Locate "Organisaatiossa tarvitaan rakenteita" in the data below, then output the line it is on and all following lines through the last, word for word. Skip any pictures.

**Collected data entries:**
⁂

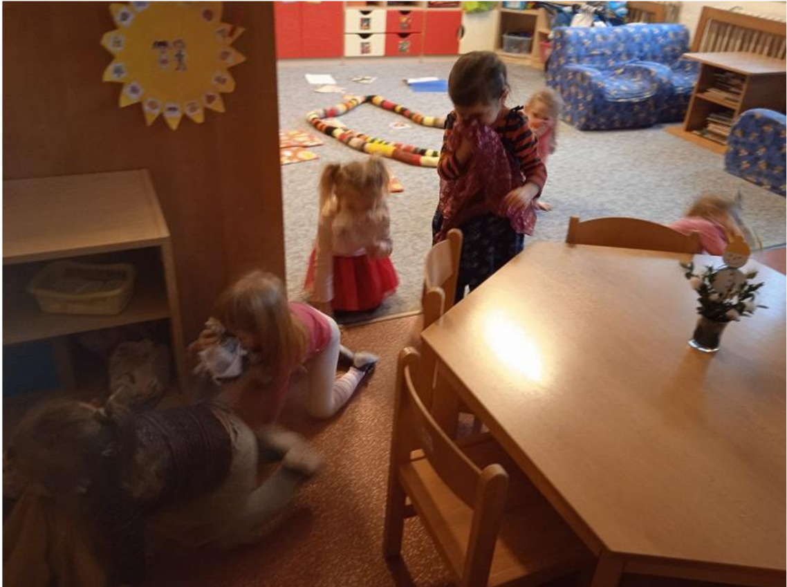
Př. č. 18 - Dramatizace – Hra na kuřátko – únik ze zakouřeného prostoru
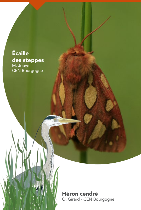
Écaille des steppes M. Jouve CEN Bourgogne
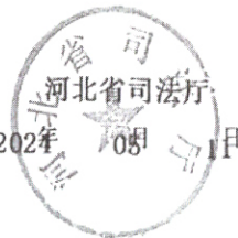
律师事务所变更登记（八）
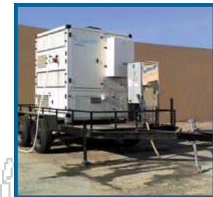
Estación de agua existente en Dubai, EAU
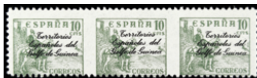
2614 30 €
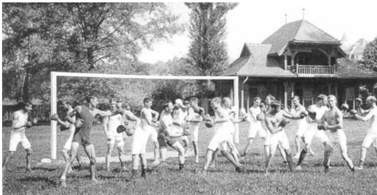
Séance d'entraînement de boxe à l'IOL.

L'idée de renforcer les liens du CIO et des milieux académiques de ce qui est désormais la «capitale olympique» est
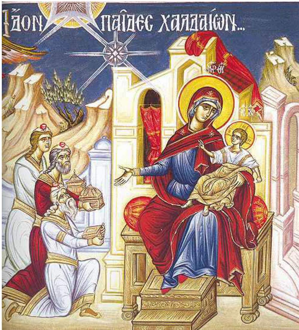
Ἴδον παῖδες Χαλδαίων....
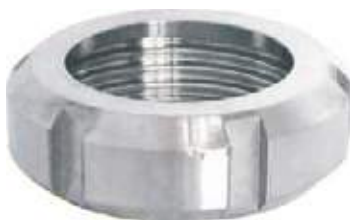
TUERCA SS304 PARA UNIÓN SMS
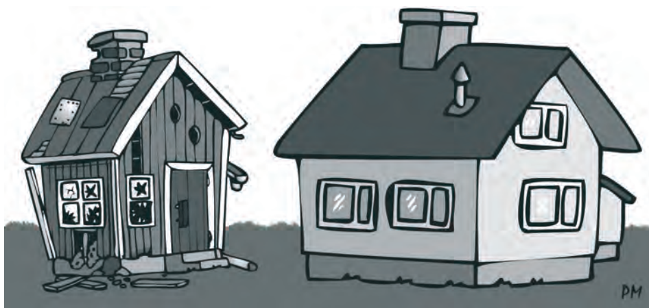
Kuva: Pertti Mäkelä 2014

Organisaatiossa tarvitaan rakenteita myös ihmisten väliselle vuorovaikutukselle, esimerkiksi kokoukset, erilaiset tilaisuudet, kehityskeskustelut jne.
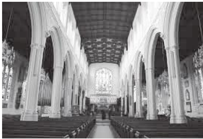
मागरेट चर्चको भित्री भाग
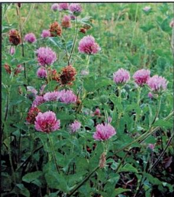
Trèfle des Champs : Trifolium
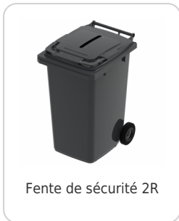
Fente de sécurité 2R
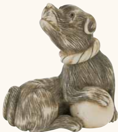
Lotto n. 84

Lotto n. 84. Netsuke in avorio, cane con palla, non firmato, inizi del secolo XIX, altezza mm 43, stimato 3.000/4.000 euro, viene aggiudicato a 3.000. È un soggetto molto ricorrente e piacevole, a volte segnato anche da firme importanti come Tomotada .

⁂

**WRITTEN ANSWER:**
Organisaatiossa tarvitaan rakenteita myös ihmisten väliselle vuorovaikutukselle, esimerkiksi kokoukset, erilaiset tilaisuudet, kehityskeskustelut jne.
मागरेट चर्चको भित्री भाग
Trèfle des Champs : Trifolium
Fente de sécurité 2R
Lotto n. 84

Lotto n. 84. Netsuke in avorio, cane con palla, non firmato, inizi del secolo XIX, altezza mm 43, stimato 3.000/4.000 euro, viene aggiudicato a 3.000. È un soggetto molto ricorrente e piacevole, a volte segnato anche da firme importanti come Tomotada .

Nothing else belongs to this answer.